Slowdive, Vaadat Charigim live at Barby, Tel Aviv

It's appropriate that this is likely my last non-(cool) Dad gig.  Shoegaze was the genre that should have been a passing fad like so many other 80's and 90's rock-based microgenres.  Yet it somehow stuck around thanks to a small number of passionately devoted fans (half of which formed their shoegazing bands, or so it might seem).  Much like the West Coast psychedelia scene of the late 60's, the bands were relative footnotes in the grand scheme of rock at the time and flamed out quickly, but became counterculture, forever cool touchstones -- especially once their fans grew up to be music critics and couldn't stop writing about them.  Now we're the crusty stoners in our 40's who can't get enough of the music we grew up with.  Are there any new shoegaze fans jumping on ship during the past few years.  Based on the look of the crowd in the Barby, it seems not.

But at the very least, Vaadat Charigim won themselves at least one new fan (me).  They may be the best rock band in Israel.  These guys just get it.  Formed only five years, they look like grizzled fans who finally said fuck it and decided to go for it and form the shoegaze band they'd always dreamed of forming after letting life get in the way for far too many years.  Their music is like the Spirit of '88 MBV with the tempos slowed down by 25%, full of searing transitions and loaded with pop hooks.
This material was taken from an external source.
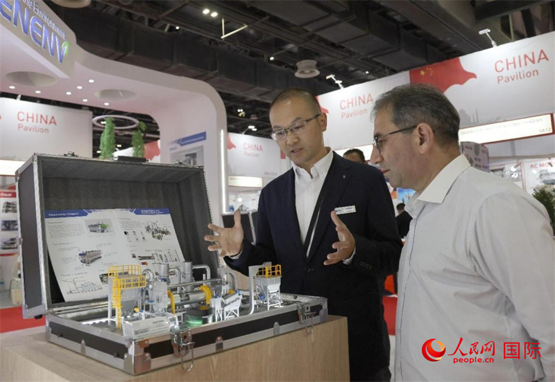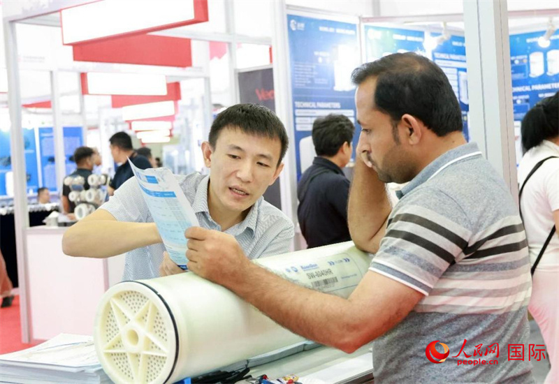 中企推出的綠色能源海水淡化系統(tǒng)吸引參展商關(guān)注。人民網(wǎng)記者 管克江攝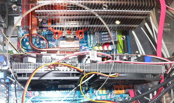 Система водяного охлаждения Aquagate Max обещает шуметь не громче 22 дБА, а отвести при этом обещает до 600 Вт тепловой мощности. Ясно, что в контур такой системы стоит включить теплообменник не только для процессора, но и, как минимум, на графических чипах видеокарт.

The first wave of shoegaze largely passed me by at the time.  I knew about the bands but wasn't a big fan and hardly owned any records until years later.  I didn't see any of them live either -- until now.  Yes, this was my (depending on how you'd classify bands like Catherine Wheel) *first* "first wave" shoegazing gig.  

Two things about Slowdive, who are still magnificent after all these years.  First, the new songs are great and fit it seamlessly with the old ones.  Someone new to their music who dropped in on this show would be hard pressed, I think, to tell the old and new songs apart based on style and even based on crowd reactions.  Second, the gig was mellow.  Really mellow.  So mellow that after 20 years, the overlap between Slowdive and Mojave 3 was finally revealed to me in perfect clarity.  Slowdive on this night were Mojave 3 with mountains of reverb (which to be fair, is exactly what I always wanted out of Mojave 3 ... I even saw them live once in the blind hope that they might become that live).  Everything from the smooth, laid back tempos to the twangy guitars (encased in feedback and reverb) to Neil Halstead's trucker hat was dedicated to providing listeners with the alt-country experience at a much higher volume.